The exciting new products featured in the EcoTrac brand break new ground in fuel optimization, electronic sophistication, and light-weight design.
This includes the following.
One, electric all wheel drive systems, or e-all wheel drive, from a strategic investment in our new e-AAM Driveline System AB joint venture in Trollhattan, Sweden.
AAM's e-all wheel drive systems are designed to improve fuel efficiency up to 30% and reduce CO2 emission.
In addition to providing all wheel drive capability, AAM's e-all wheel drive systems are differentiated from the competition by unique and proprietary attributes that improve safety, ride and handling performance.
AAM's e-all wheel drive systems will be featured in the next generation of Saab vehicles beginning in 2012.
Global customer response to this system has been very strong.
We're excited about the opportunity to introduce this innovative technology as part of our global product programs in the future and to help our customers.
Second, AAM's EcoTrac all wheel drive system enables a vehicle manufacturer to offer a passenger car or cross-over vehicle with an all-wheel drive option that minimizes the impact of fuel economy and emissions -- reducing emissions, when compared to a front wheel drive normal vehicle.
The EcoTrac system allows the all-wheel drive vehicle to utilize its primary drive system, the front wheels, when all wheel drive is not required.
Vehicles equipped with the advanced fuel economy optimization system can automatically transition to all-wheel drive, transparent and seamless to the driver, and when the vehicle senses the AWD may be necessary.
AAM's EcoTrac all-wheel drive system will be featured on a major global passenger car and cross-over vehicle program beginning next year, 2012.
This is a non-GM program and supports our customer diversification efforts.
Third point is AAM's EcoTrac high efficiency axles, representing a new standard in axle efficiency, taking advantage of proprietary technologies that optimize design and lubrication efficiency.
Innovations in AAM's new axles include our power dense hypoid designs, gear finishes, high efficiency bearings and our proprietary lubricant.
Power film and the combination of these advanced technologies can reduce axle-related energy losses by a whopping 50%.
Let me now comment on another important announcement.
Today, AAM's Board of Directors has amended and restated AAM's Stockholder's Rights agreement.
AAM had previously amended this rights plan in 2009 to preserve the long-term value and availability of AAM's net operating losses on carry-forward NOL's and related tax benefits.

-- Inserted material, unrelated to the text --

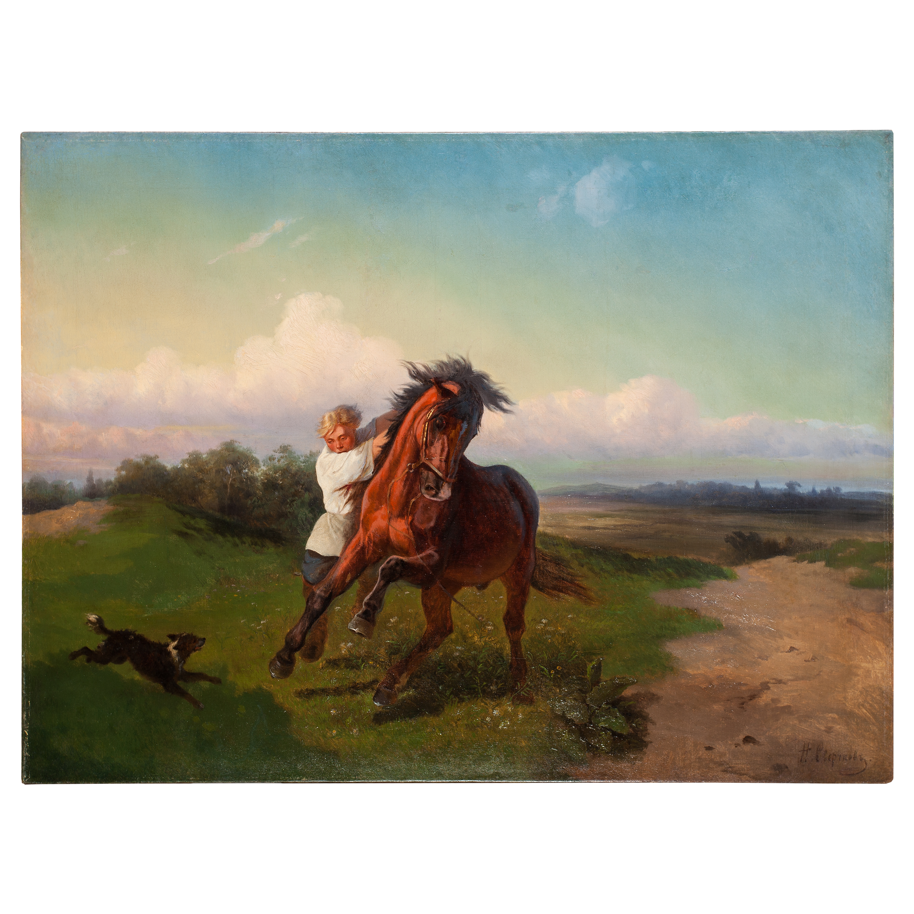 Холст, масло, справа внизу подпись: «Н.Сверчковъ», последняя четверть XIX века, размер холста: 79 х 107 см, в раме: 106 х 134 см.

This action today was determined to be appropriate, as a result of the favorable impact of first, improved business conditions and second, actions we have taken to accelerate the realization of AAM's deferred tax assets.
The modification to AAM's rights plan include increasing the beneficial ownership threshold, sometimes called the rights plan trigger, from 4.99% to 15% of AAM's outstanding shares of common stock.
We believe this is the best interest of AAM, our stockholders, and all relevant stake holders.
Before I turn it over, ladies and gentlemen, to Mike, let me wrap up by making a few closing remarks, beginning with AAM's 2011 outlook.
We believe global economic and market conditions will continue to stabilize and improve during 2011.
For the full year 2011, we expect total US light vehicle sales to increase from approximately 11.6 million vehicles in 2010, to approximately 12.5 to 13 million unit vehicle range in 2011.
Based on this industry sales assumption and the anticipated launch timing of AAM's new business backlog, we expect AAM's full-year 2011 sales to approximate $2.4 billion top revenue.
We expect AAM's 2011 EBITDA to range from 14.5% to 15% of sales, or $348 million to $360 million.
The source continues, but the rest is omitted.